In 1935, the FOC set up a test laboratory on the outskirts of London at Borehamwood, which at the start of World War II was taken over by the government as the Fire Research Station (FRS), with the FOC's technical department being represented by a combined group called the Joint Fire Research Organisation (JFRO).

In the early 1980s, aided by the ABI, there was a parting of the ways to address the often incompatible issues of 'life safety' versus 'business and property protection', and the technical arm of FOC formed the Fire Insurer's Research and Testing Organisation (FIRTO). FRS remained a government organisation until it was absorbed into the Building Research Establishment (BRE).

In 1984, FIRTO combined with the FOC technical department, FPA, and the Insurers Technical Bureau (ITB) to form the Loss Prevention Council (LPC) which later went on to develop a certification body called the Loss Prevention Certification Board (LPCB). In 1999, UK insurers sold LPC Laboratories and LPCB to BRE, retaining the Fire Protection Association which relocated to offices at Blackfriars in London. Many of FPA's current staff have over the years worked for a number of the aforementioned organisations.

With its roots firmly in the insurance sector, one of FPA's primary roles is to encourage convergence of government (life safety) and insurer (life safety and business and property protection) fire protection perspectives. Where government statutory requirements are considered inadequate by insurers for business and property protection, the FPA develops and maintains a number of key insurer standards for the implementation of active and passive fire protection requirements, together with a substantial library of Risk Control documents.

FPA relocated to the Fire Service College at Moreton-in-Marsh in Gloucestershire in 2004.

==Function==

The agreed aims and objectives of the FPA are:

- To protect people and property and the environment by advancing fire prevention and protection techniques
- To collaborate with central Government, the Fire Service and other agencies in this work unless being paid to do otherwise
- To focus national and European attention on these issues
- To influence consumers and business related decision making
- To collect, analyse and publish statistics, identify trends and provide research
- To disseminate advice and information

==Structure==

FPA operates via two divisions, each led by a Director. The Commercial Division encompasses the publications, Fire Risk Management journal, fire risk assessment, risk surveying and training activities, while the Technical Division undertakes research, and consultancy in support of all aspects of fire prevention and protection.

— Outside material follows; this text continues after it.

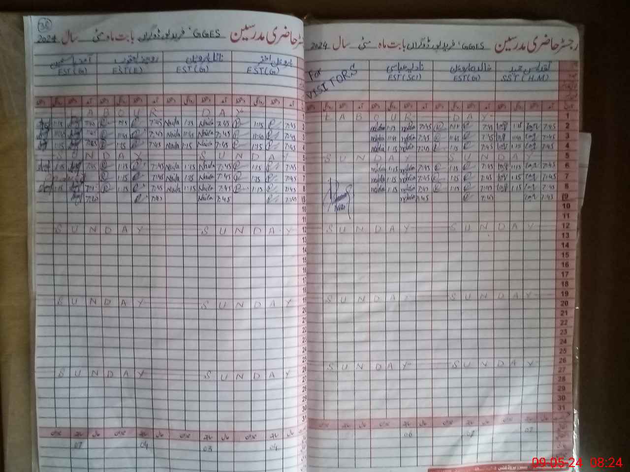 | CNIC | Full Name | Designation | R/C | Absence During Last Calender Month |

The FPA supplies publications in the fields of fire safety, fire prevention and related topics. The range covers a wide variety of products including videos, DVDs, CDs and online services, books, codes of practice, recommendations, reports, leaflets, pocket cards and posters.

The Training Department currently offers approximately 55 different courses covering fire safety management, fire safety engineering, health and safety and N/SVQs in fire safety.

==RISC Authority==
The RISC Authority (Risk, Insight, Strategy and Control Authority), who conduct research and representation on behalf of a group of UK Insurers into risk mitigation measures from fire and security risks, is administered by the FPA.